The response should consist of every line below, restated exactly, with no pictures.

INFORMATION PROVIDED:
————

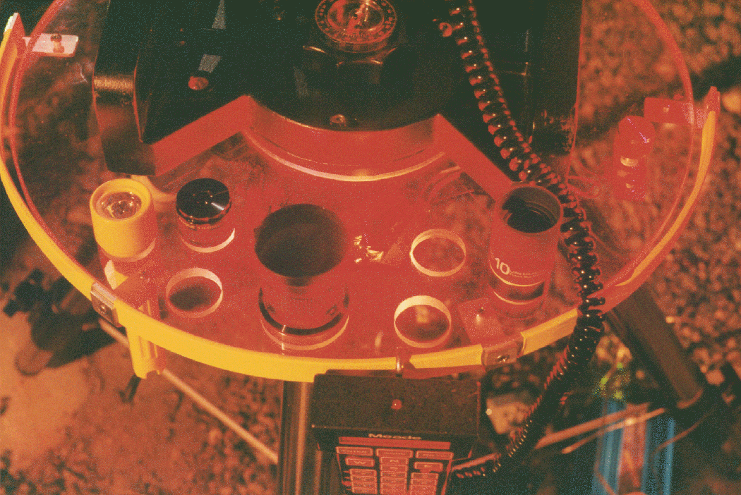 The holder is cut from a piece of 3/8 inch acrylic (Plexiglas). I had the supplier (a local plastic retailer) cut the outer and inner circles. The inner cutout is large enough to fit loosely over the tripod top so the holder is supported by the tops of the legs of the tripod. There is enough space so that the 3/8-thick holder just fits between the tops of the legs and the bottom of the scope or wedge. I then cut the notch in the inner circle to accommodate the wedge azimuth adjuster, and the eyepiece holes. The yellow rim around the front is a piece of 5/8 x 1/8 aluminum with yellow shrink-wrap electrical tubing shrunk tightly onto it. It is held on to the plastic with 4 radially oriented brackets drilled and tapped so that the rim is held about 1/4 inch from the edge of the plastic. The rim is used for hanging the hand control of the scope (you can see the top of the control in the right picture hanging down in front). Two small bulbs (RadioShack) are mounted in the plastic and powered from the 12 volt battery that I also use for powering the scope and dew zappers. These bulbs are located under the black spots (tape) visible in the red spots (also tape) in the left picture. The wires from the bulbs go to a small potentiometer (silver-colored knob at the right side of the holder in the left picture). The pot permits one to adjust the brightness to just enough to make the edges of the eyepiece holes glow in the dark.
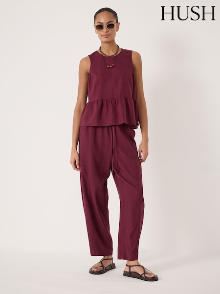 Hush Red Tovi Linen Blend Barrel Leg Trousers
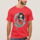 My 11 yo wore adult XL (5’7” 165#). The 8yo is small framed. She wore adult small and tied it in the back. Grandma wore adult large with long sleeve shirt underneath. Tall girl adult medium. Dark haired male adult large. Good quality dark Heather gray, Gildan brand shirt. -it was next up from basic choice and cost about $20 per shirt. Not too thick or thin. Washed and dried well, no major shrinkage. Not see-through. Can wear a bra under it fine. Screen print is just as shown and well done, front and back.

————

RESPONSE TO THIS EXERCISE:
 The holder is cut from a piece of 3/8 inch acrylic (Plexiglas). I had the supplier (a local plastic retailer) cut the outer and inner circles. The inner cutout is large enough to fit loosely over the tripod top so the holder is supported by the tops of the legs of the tripod. There is enough space so that the 3/8-thick holder just fits between the tops of the legs and the bottom of the scope or wedge. I then cut the notch in the inner circle to accommodate the wedge azimuth adjuster, and the eyepiece holes. The yellow rim around the front is a piece of 5/8 x 1/8 aluminum with yellow shrink-wrap electrical tubing shrunk tightly onto it. It is held on to the plastic with 4 radially oriented brackets drilled and tapped so that the rim is held about 1/4 inch from the edge of the plastic. The rim is used for hanging the hand control of the scope (you can see the top of the control in the right picture hanging down in front). Two small bulbs (RadioShack) are mounted in the plastic and powered from the 12 volt battery that I also use for powering the scope and dew zappers. These bulbs are located under the black spots (tape) visible in the red spots (also tape) in the left picture. The wires from the bulbs go to a small potentiometer (silver-colored knob at the right side of the holder in the left picture). The pot permits one to adjust the brightness to just enough to make the edges of the eyepiece holes glow in the dark.
 Hush Red Tovi Linen Blend Barrel Leg Trousers
 My 11 yo wore adult XL (5’7” 165#). The 8yo is small framed. She wore adult small and tied it in the back. Grandma wore adult large with long sleeve shirt underneath. Tall girl adult medium. Dark haired male adult large. Good quality dark Heather gray, Gildan brand shirt. -it was next up from basic choice and cost about $20 per shirt. Not too thick or thin. Washed and dried well, no major shrinkage. Not see-through. Can wear a bra under it fine. Screen print is just as shown and well done, front and back.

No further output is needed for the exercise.